Story highlights
Grieving over daughter's disappearance, Colorado man creates 14-song album
Aubrey Sacco disappeared during hike in Nepal in 2010
Album, for sale on iTunes, includes songs from Aubrey and her father
Album is fundraiser for investigation
Paul Sacco says searching for his daughter feels something like bleeding out. All the hope, heartache and anxiety that go into it leave him feeling diminished.
But the Colorado lawyer and amateur guitarist has managed to bottle up some of that energy, spending hundreds of hours creating what is both a tribute to Aubrey Sacco and a monument to his sorrow: a 14-song album he has published to Internet vendors.
“Finding Aubrey” includes 11 songs written and performed by Sacco at his home studio, as well as the last three songs Aubrey herself recorded at home before the 23-year-old disappeared in April 2010 while hiking alone in Nepal.
The case is unsolved, and the album – for sale on iTunes and other outlets – is a fundraiser for an investigation into her disappearance.
“So many people who know us say, ‘What is it like?’ or ‘I can’t imagine what it’s like to have your daughter go missing,’ ” Paul Sacco said in a phone interview. “The album tells the whole story: feeling helpless, feeling like you want to celebrate your daughter, feeling like she may never come back and diminishing yourself as you look for her.”
Aubrey disappeared toward the end of a five-month post-college trip in Asia. The 2009 University of Colorado graduate, who had a double major in psychology and art, went to Sri Lanka to teach yoga to vacationers before traveling to India to study yoga and volunteer to help schoolchildren with music and art.
She hoped to do charitable work, perhaps hooking up with a nongovernmental organization abroad, her dad said. But she vanished on the last stop of her trip, in Nepal’s Langtang National Park, where she hiked for at least two days.
She initially was believed to have made it as far as a particular village on the hike’s second day, but villagers there changed their stories and said they didn’t see her after all. Investigators don’t know what happened to her and have yet to find any physical trace of her.
Paul Sacco, 59, and his wife Connie have taken trips to Nepal to press the investigation, working with private investigators, Nepali police and the Nepali army to try to determine what happened.
Between his job and his investigation, Sacco found at least three hours a day for more than a year to create the album. Playing all the instruments, supplying all the vocals and recording and mixing the tracks, he grieved through music.
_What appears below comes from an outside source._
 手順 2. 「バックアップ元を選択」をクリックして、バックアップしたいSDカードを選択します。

He came up with a first version last year before publishing the finished product in April.
“My counselor said that he felt that was extremely healthy for me as an outlet, because that was how (Aubrey and I) related to each other, through music and art,” Sacco said.
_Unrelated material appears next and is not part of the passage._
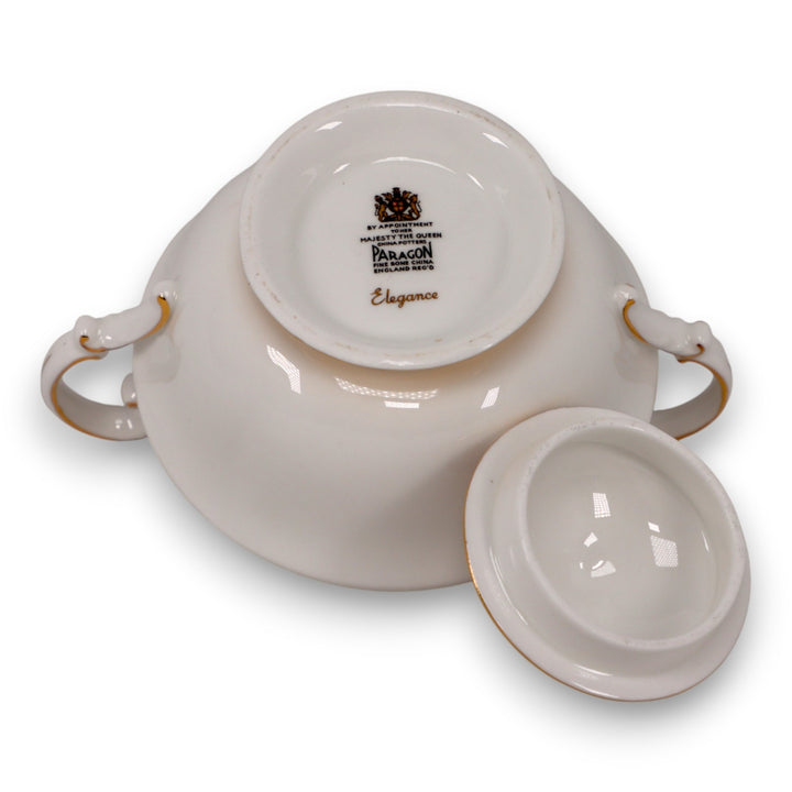 This stunning sugar bowl from Paragon’s “Elegance” pattern is a graceful example of fine English bone china. Decorated with rich burgundy maple leaves accented by hand-applied gold trim, this footed sugar bowl is a refined centerpiece for any formal tea setting or vintage china collection. Made in England by appointment to Her Majesty the Queen, it exemplifies the elegance and prestige associated with mid-20th century Paragon porcelain.

There are songs of tribute and nostalgia. “Crayons in the Sun” recalls Aubrey growing up – painting, going to a father-daughter dance, wearing a homemade dress to graduation.
“I’ve written songs since I was 10 years old. I never wrote a song that I was crying onto the paper so much that the pen wouldn’t write – until then,” Sacco said.
The album also shows moments of determination. In “The Great Divide,” Sacco sings of moving heaven and Earth for her.
“Your pictures all hang in these empty rooms / I know you’ll be here, soon,” he sings.
In much of the album, though, Sacco works through despair and isolation.
“Now we’re the car wreck on the road / people turn their heads and drive away from here,” he sings in “A.”
“Stare into the Darkness” speaks in part to the investigation’s magnitude: “Stare into the darkness / and it’ll stare right back at you / from the other side of the world / I think it’s going to run me through.”
Listeners also get to hear Aubrey, in songs that Sacco asked her to record before she left. They used to play music together, and he knew she was working on a few songs in the months before her trip.
“The night she was packing for Sri Lanka, I asked her, ‘Honey, I really want you to record these songs,’ ” Sacco said. “She said, ‘Why?’ I said, ‘Just in case something happens to you.’ “
Aubrey’s songs were rough recordings, not meant to be final products. But Sacco is grateful to have them and says they “give you a flavor of where she’s coming from.”
Sacco believes one of her songs, “My Heart Knows,” was an “accept-me-for-who-I-am” sort of song, addressed primarily to a romantic interest but possibly to whoever listens.
“Please let me be me / person you’re afraid to be / but don’t worry, I know where to go / I know, because my heart knows,” Aubrey sings.
Sacco, who didn’t particularly want Aubrey traveling alone, said the song offers a good glimpse at his strong-willed daughter.
He has sold several hundred copies so far, and that’s a few hundred dollars more for the family’s investigation fund. He’s grateful to have had the chance to explain what he’s feeling though music.
Sacco hoped the disappearance would be solved by the time the album was done. Since he finished it, he hasn’t been able to write much. The two relatively new half-songs he’s written still are about Aubrey, but he says he doesn’t have the energy to complete them.
“The biggest thing was to bury myself in my work at the law office (after the album),” he said. “That seems to be a good place to hide.”